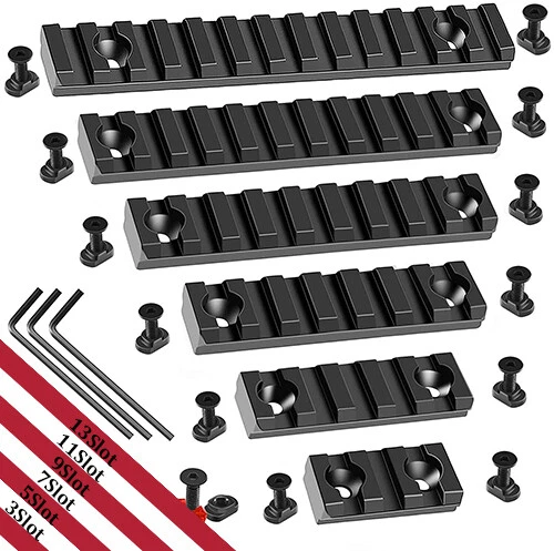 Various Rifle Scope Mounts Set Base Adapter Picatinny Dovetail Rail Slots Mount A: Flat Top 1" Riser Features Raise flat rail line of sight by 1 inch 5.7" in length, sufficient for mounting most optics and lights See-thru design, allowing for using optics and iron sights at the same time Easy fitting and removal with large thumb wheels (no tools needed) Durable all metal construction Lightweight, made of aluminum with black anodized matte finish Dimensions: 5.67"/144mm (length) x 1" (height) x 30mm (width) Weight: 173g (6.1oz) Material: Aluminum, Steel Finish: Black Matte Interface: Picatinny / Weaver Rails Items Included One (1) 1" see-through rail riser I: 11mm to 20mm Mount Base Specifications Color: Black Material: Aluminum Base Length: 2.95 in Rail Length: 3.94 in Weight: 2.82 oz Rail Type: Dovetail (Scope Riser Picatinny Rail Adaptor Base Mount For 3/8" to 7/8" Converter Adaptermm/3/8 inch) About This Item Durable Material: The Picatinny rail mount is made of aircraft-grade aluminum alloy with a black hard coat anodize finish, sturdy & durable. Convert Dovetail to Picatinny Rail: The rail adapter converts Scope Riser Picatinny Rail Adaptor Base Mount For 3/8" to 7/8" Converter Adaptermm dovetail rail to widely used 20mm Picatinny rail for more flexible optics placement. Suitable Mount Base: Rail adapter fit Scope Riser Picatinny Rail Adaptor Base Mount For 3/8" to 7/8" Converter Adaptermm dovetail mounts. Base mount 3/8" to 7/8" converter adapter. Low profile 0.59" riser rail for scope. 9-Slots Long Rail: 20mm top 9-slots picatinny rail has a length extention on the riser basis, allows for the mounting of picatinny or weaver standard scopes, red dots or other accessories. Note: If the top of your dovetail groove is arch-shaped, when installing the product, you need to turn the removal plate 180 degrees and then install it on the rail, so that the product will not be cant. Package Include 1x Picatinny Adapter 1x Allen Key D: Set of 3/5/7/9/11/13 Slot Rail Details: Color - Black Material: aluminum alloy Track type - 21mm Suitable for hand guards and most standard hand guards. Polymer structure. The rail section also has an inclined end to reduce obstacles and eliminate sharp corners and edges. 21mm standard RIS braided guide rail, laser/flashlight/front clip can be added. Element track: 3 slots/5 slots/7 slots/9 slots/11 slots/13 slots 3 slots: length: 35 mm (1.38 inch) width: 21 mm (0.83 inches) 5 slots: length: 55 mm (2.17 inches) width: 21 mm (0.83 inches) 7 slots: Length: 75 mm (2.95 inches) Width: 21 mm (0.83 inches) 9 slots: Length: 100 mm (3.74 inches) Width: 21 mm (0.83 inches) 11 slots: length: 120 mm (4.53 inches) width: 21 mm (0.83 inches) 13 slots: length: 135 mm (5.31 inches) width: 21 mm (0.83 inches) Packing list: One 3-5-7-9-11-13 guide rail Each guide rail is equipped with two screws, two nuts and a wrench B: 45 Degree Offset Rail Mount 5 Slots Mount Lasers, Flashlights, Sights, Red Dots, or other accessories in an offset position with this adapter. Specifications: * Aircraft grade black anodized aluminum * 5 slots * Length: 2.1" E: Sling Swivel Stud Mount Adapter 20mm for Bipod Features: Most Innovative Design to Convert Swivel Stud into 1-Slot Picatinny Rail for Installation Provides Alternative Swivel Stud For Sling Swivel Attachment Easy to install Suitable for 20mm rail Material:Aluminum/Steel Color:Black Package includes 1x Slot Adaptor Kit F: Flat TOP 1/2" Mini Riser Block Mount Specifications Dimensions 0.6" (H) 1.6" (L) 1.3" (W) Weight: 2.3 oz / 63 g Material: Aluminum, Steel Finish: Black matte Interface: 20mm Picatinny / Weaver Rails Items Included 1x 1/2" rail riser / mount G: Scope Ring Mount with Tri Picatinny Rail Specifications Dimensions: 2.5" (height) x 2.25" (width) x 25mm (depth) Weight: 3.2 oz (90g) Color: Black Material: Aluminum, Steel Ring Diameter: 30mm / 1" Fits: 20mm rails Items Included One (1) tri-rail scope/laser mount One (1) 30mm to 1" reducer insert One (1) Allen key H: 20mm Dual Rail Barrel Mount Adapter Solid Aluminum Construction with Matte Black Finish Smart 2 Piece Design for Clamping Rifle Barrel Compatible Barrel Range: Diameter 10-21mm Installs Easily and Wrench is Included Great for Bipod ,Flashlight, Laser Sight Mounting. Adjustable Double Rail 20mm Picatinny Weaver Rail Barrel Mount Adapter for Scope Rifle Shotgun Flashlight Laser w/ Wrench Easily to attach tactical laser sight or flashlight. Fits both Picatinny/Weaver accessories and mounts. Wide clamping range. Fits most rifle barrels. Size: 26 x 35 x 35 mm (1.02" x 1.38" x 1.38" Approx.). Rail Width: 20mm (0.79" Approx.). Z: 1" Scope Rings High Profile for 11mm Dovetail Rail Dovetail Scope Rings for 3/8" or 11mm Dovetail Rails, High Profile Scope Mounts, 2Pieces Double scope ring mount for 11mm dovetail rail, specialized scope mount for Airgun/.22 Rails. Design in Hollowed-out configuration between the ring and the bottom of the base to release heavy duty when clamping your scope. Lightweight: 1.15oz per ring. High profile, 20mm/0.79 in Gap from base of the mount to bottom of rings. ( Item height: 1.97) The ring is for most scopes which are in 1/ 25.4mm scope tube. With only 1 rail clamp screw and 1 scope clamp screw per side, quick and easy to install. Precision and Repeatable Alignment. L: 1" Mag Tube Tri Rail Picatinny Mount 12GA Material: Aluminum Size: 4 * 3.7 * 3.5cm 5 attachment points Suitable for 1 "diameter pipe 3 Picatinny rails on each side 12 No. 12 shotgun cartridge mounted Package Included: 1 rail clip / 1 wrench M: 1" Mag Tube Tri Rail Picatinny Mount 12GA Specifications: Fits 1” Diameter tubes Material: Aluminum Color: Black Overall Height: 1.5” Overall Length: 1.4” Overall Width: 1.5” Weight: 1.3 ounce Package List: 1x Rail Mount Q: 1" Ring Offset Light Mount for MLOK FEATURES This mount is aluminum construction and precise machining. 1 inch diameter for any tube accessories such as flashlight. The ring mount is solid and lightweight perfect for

==

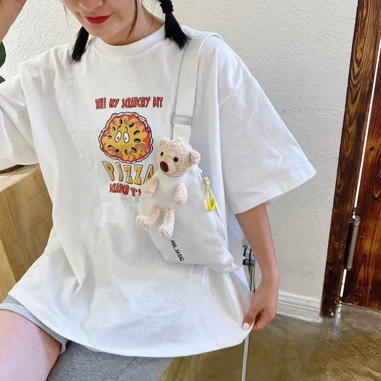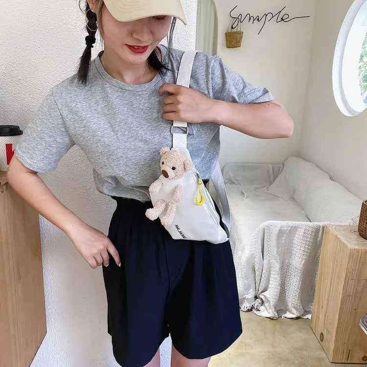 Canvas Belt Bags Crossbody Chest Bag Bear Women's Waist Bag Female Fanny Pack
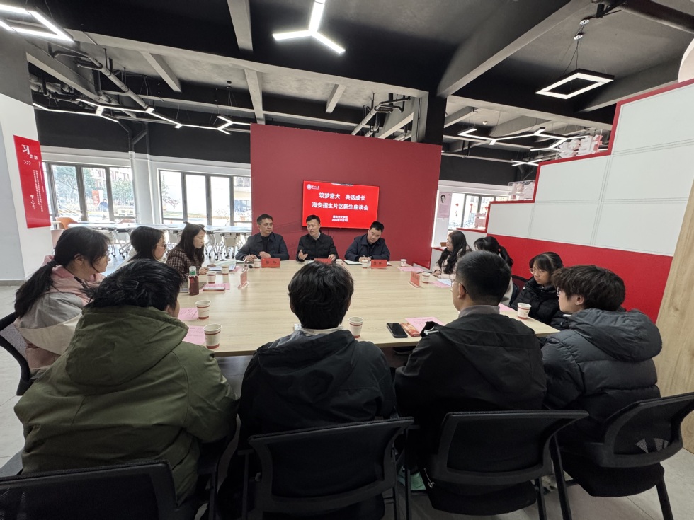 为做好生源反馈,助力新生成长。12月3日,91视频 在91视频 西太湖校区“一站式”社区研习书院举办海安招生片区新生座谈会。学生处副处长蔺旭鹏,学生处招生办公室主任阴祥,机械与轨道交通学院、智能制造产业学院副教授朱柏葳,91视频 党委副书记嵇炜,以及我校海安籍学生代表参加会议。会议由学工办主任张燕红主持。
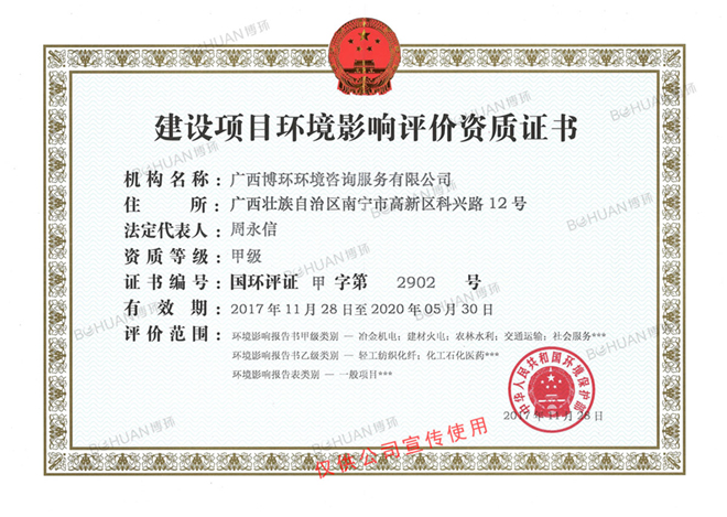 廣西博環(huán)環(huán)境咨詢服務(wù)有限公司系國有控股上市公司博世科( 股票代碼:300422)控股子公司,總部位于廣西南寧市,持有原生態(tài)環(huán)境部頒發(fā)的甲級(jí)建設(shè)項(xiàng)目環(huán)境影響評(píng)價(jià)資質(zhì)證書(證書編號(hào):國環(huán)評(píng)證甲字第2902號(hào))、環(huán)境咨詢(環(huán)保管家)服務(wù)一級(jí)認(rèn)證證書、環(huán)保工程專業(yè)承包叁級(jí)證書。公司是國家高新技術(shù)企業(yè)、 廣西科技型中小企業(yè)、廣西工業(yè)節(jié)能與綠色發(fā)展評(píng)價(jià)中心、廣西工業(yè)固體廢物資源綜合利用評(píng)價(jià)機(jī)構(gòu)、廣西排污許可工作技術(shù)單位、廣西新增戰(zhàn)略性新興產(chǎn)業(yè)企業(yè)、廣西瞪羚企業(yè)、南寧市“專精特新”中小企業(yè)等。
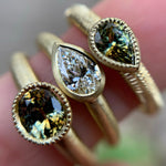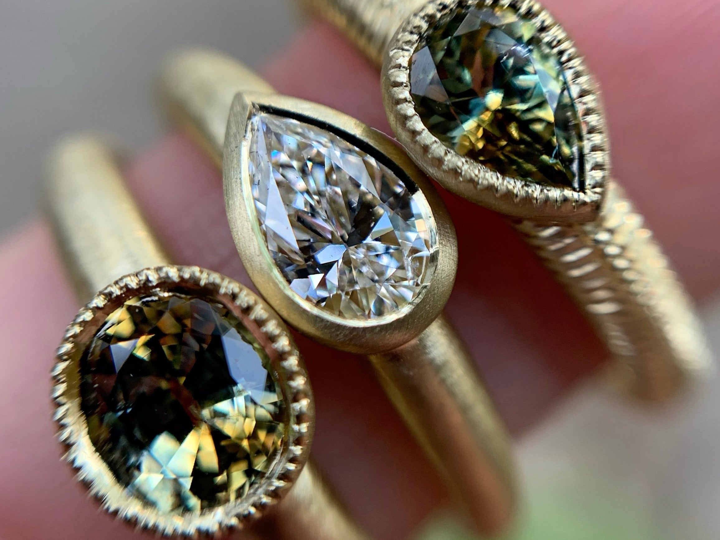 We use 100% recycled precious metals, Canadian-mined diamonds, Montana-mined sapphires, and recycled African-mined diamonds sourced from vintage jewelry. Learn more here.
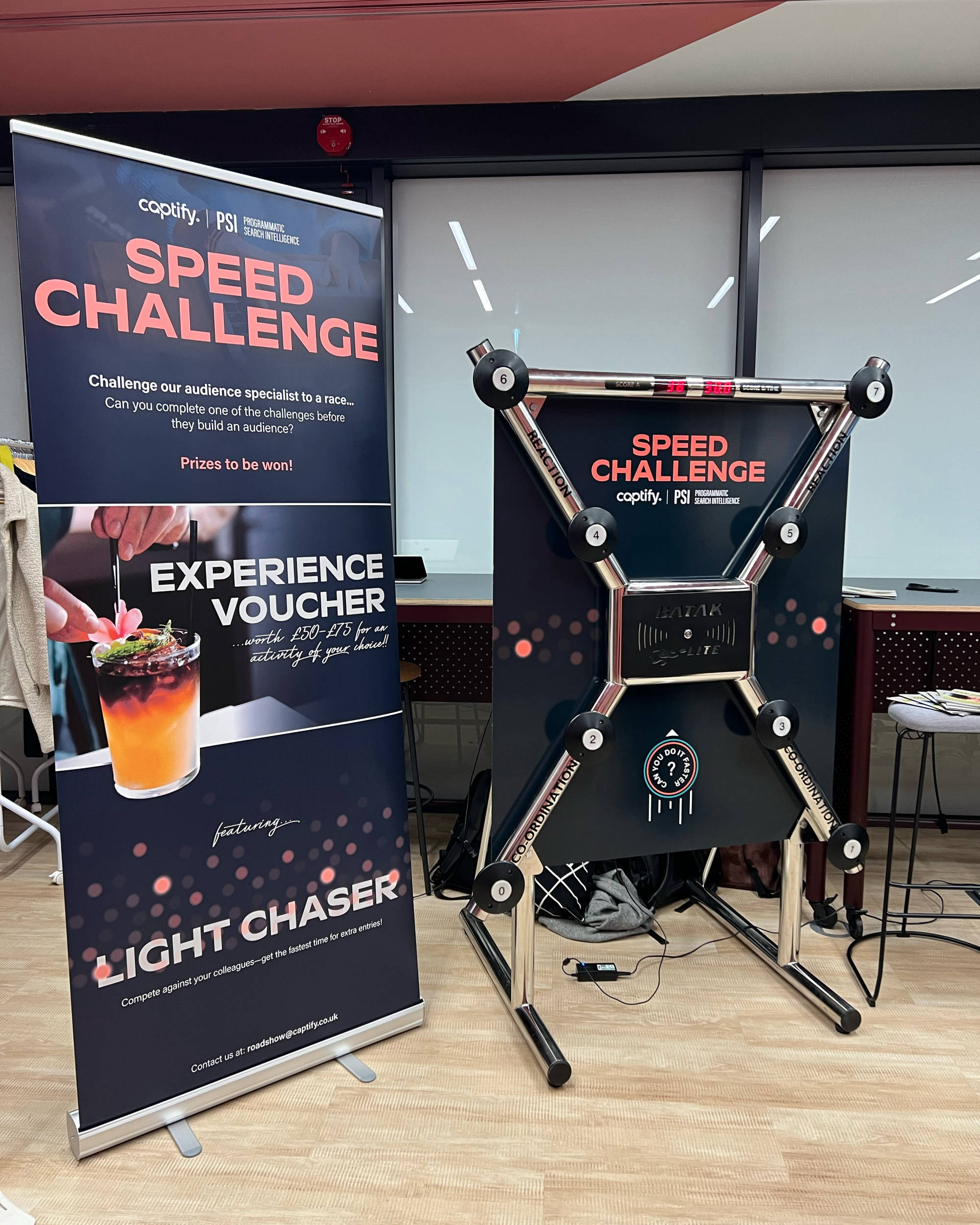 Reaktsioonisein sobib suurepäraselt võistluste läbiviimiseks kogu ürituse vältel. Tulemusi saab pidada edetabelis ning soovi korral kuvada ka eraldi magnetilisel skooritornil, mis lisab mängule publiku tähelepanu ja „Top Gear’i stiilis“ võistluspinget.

...

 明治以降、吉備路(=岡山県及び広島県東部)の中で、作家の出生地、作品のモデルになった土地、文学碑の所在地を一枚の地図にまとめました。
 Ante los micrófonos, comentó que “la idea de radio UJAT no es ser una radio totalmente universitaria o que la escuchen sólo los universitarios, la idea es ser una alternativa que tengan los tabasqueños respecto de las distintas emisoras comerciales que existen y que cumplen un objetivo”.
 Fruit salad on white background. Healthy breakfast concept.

Task to complete ▸ All that is wanted is a faithful reproduction of the line above with "Ante los micrófonos, comentó", the line with "Fruit salad on", and every line in between.

Written solution ▸
 Ante los micrófonos, comentó que “la idea de radio UJAT no es ser una radio totalmente universitaria o que la escuchen sólo los universitarios, la idea es ser una alternativa que tengan los tabasqueños respecto de las distintas emisoras comerciales que existen y que cumplen un objetivo”.
 Fruit salad on white background. Healthy breakfast concept.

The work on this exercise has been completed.